Starting at the top of the records below, write out each line exactly as it stands, stopping after the line with "Tim Snodgrass, who"; exclude the pictures.

━━━━━━━━━━━━━━━━━━━━

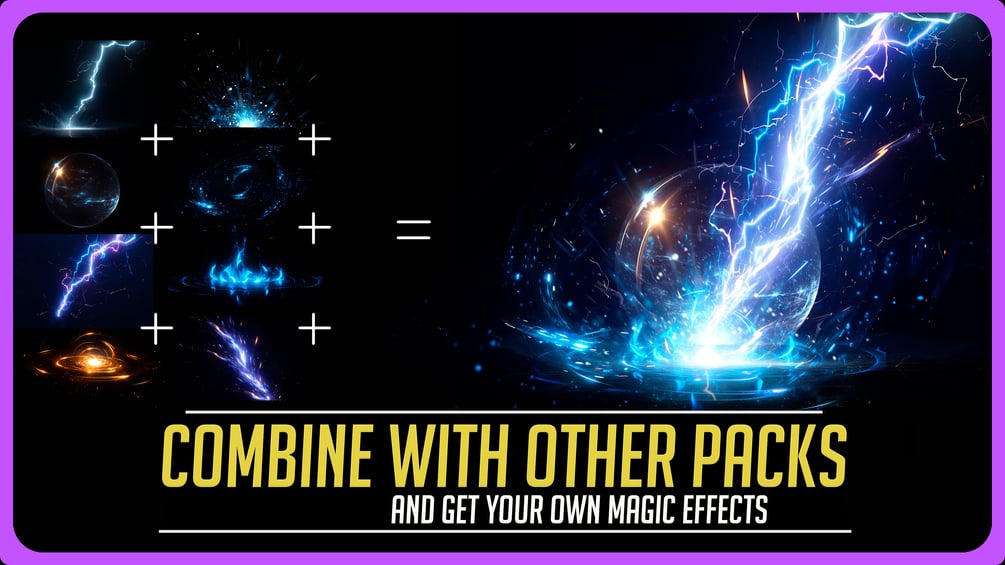 🔷 Full pack includes different Overlay Effects like: Stormy clouds, Fire Spell, Nature Elements, Magic shield, Ice flower shield spell, Magic Portal, Arcane aura spells, Magic Skillshots, lightning bolts effect, Energy sphere, plasma effects, Glowing Golden swirl, Magic Lightning tornado, lightning strike splash shockwave effect, Hurricane spiral, Blackhole Spells, Nebula effect and much more. Feel free to explore different ways to use them.
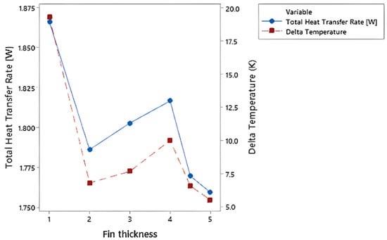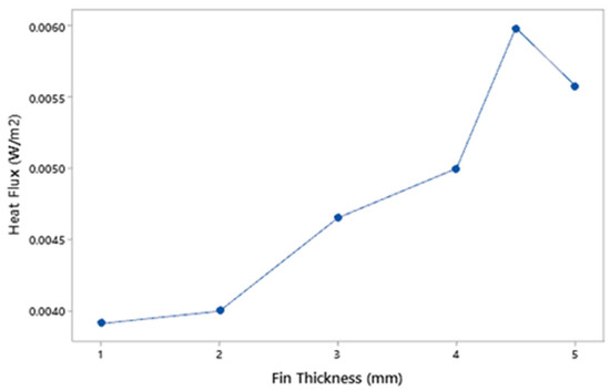 The absolute thermal resistance of a single fin decreased as fin thickness increased (Figure 11), as the temperature difference between the fin’s base and tip increased (Figure 12). As a result, the heat flux increased from the base to the tip of each fin (Figure 13). The formulae of Equations (16) and (17) were used to calculate the thermal resistance and heat flux at the fin base.
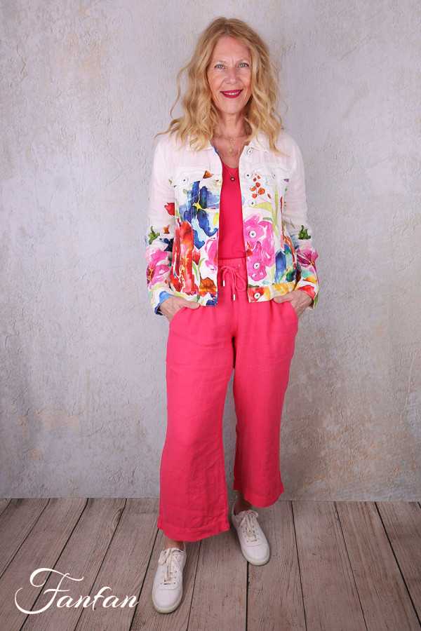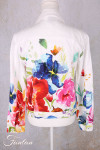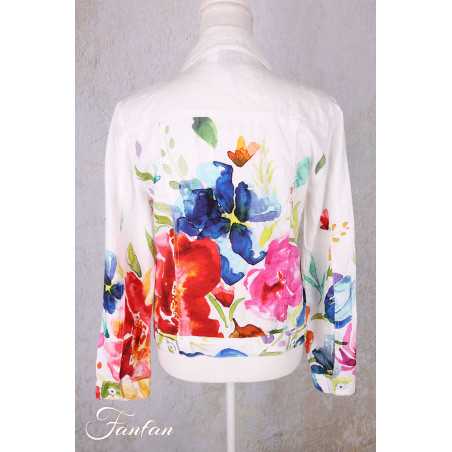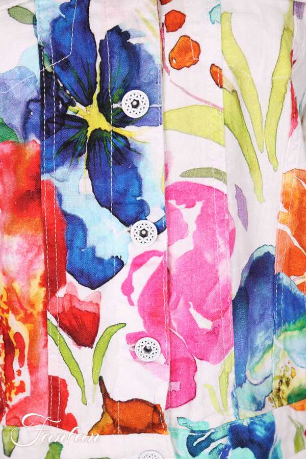 Très beau blouson en lin avec imprimé tiré d'une oeuvre de Basak Erarslan "Spring Delight", manches longues avec fermeture par bouton aux poignets, col chemise, boutonné sur l'avant, 2 poches à rabat sur la poitrine et 2 poches cachées dans le bas. N'hésitez pas à nous contacter pour avoir des mesures des tailles qui vous intéressent.
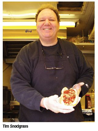 Tim Snodgrass, who owns and operates Big Belly BBQ, is as gregarious as he is genial; talking with him has proved to be part of what makes BBB special. By the time I left that first day, I’d learned that he gets his bread from Fazio’s Bakery, and his Italian sausages and spices from Viviano’s, both in St. Louis’ Italian Hill neighborhood; and that he lives in Carlinville.
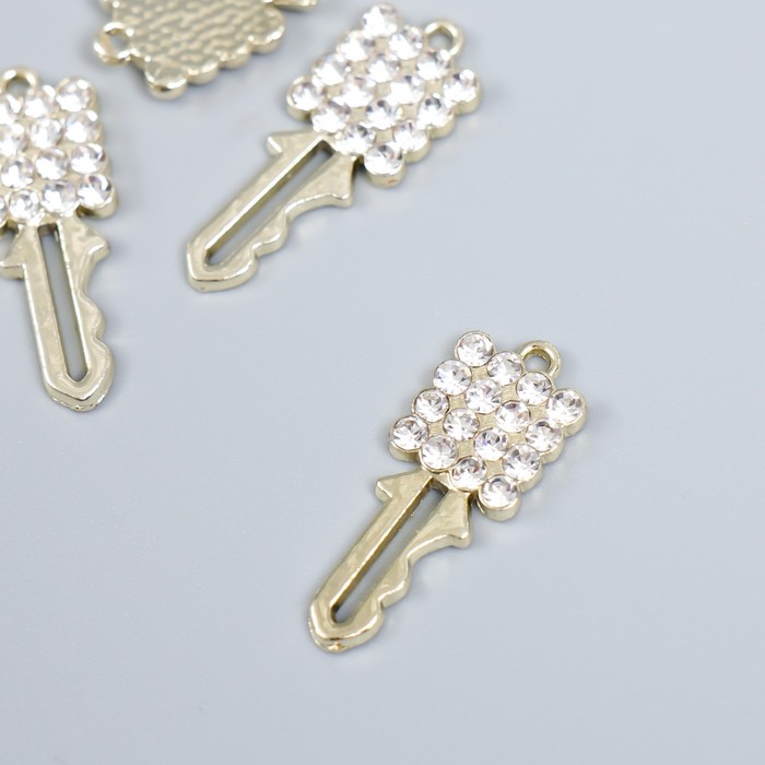Декор для творчества металл, стразы «Ключик», золото, 2.5×0.9 см
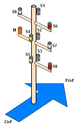 kařdé s jednou svítilnou. Na levoboku jsou dvě ramena. Horní má svítilnu a spodní oranžový majáček. Poziční červené a zelené
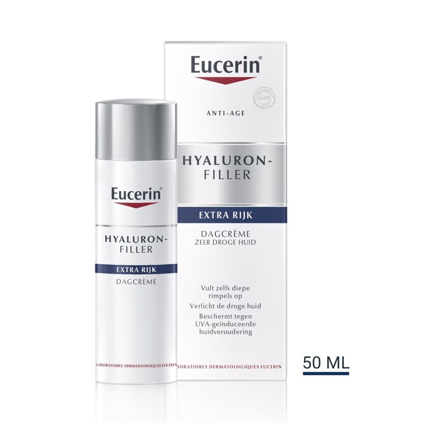 Naast het vochtinbrengende ureum en het rimpel verminderende hyaluronzuur, bevat Hyaluron-Filler Urea Antirimpel Dagcrème zeer doeltreffende UVA-filters die beschermen tegen huidveroudering door UVA-licht. Eucerin Hyaluron-Filler Urea Antirimpel Nachtcrème bevat eveneens ureum en hyaluronzuur, maar bevat ook ceramide-3 dat de huid gedurende de nacht herstelt.
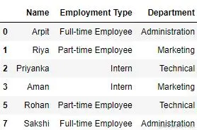 print('DataFrame after removing all the instances of the duplicate rows found in the "Name" and "Department" columns:')
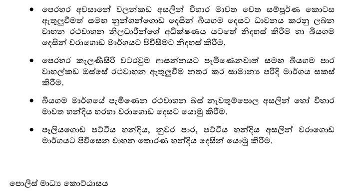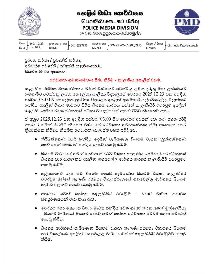 කැළණිය රාජමහා විහාරස්ථානයේ වාර්ෂික දුරුු මහා උත්සවයට සමගාමීව හෙලේනා බාලිකා විද්යාලයේ පෙරහර හේතුවෙන් මාර්ග කිහිපයක වාහන ගමනය සීමා කරන බව පොලිස් මූලස්ථානය පවසයි.
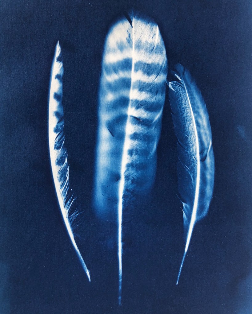 My Cyanotype prints (example below of cyanotype of pheasant feathers) are available on my online shop

━━━━━━━━━━━━━━━━━━━━

▶ **Expected answer**
 🔷 Full pack includes different Overlay Effects like: Stormy clouds, Fire Spell, Nature Elements, Magic shield, Ice flower shield spell, Magic Portal, Arcane aura spells, Magic Skillshots, lightning bolts effect, Energy sphere, plasma effects, Glowing Golden swirl, Magic Lightning tornado, lightning strike splash shockwave effect, Hurricane spiral, Blackhole Spells, Nebula effect and much more. Feel free to explore different ways to use them.
 The absolute thermal resistance of a single fin decreased as fin thickness increased (Figure 11), as the temperature difference between the fin’s base and tip increased (Figure 12). As a result, the heat flux increased from the base to the tip of each fin (Figure 13). The formulae of Equations (16) and (17) were used to calculate the thermal resistance and heat flux at the fin base.
 Très beau blouson en lin avec imprimé tiré d'une oeuvre de Basak Erarslan "Spring Delight", manches longues avec fermeture par bouton aux poignets, col chemise, boutonné sur l'avant, 2 poches à rabat sur la poitrine et 2 poches cachées dans le bas. N'hésitez pas à nous contacter pour avoir des mesures des tailles qui vous intéressent.
 Tim Snodgrass, who owns and operates Big Belly BBQ, is as gregarious as he is genial; talking with him has proved to be part of what makes BBB special. By the time I left that first day, I’d learned that he gets his bread from Fazio’s Bakery, and his Italian sausages and spices from Viviano’s, both in St. Louis’ Italian Hill neighborhood; and that he lives in Carlinville.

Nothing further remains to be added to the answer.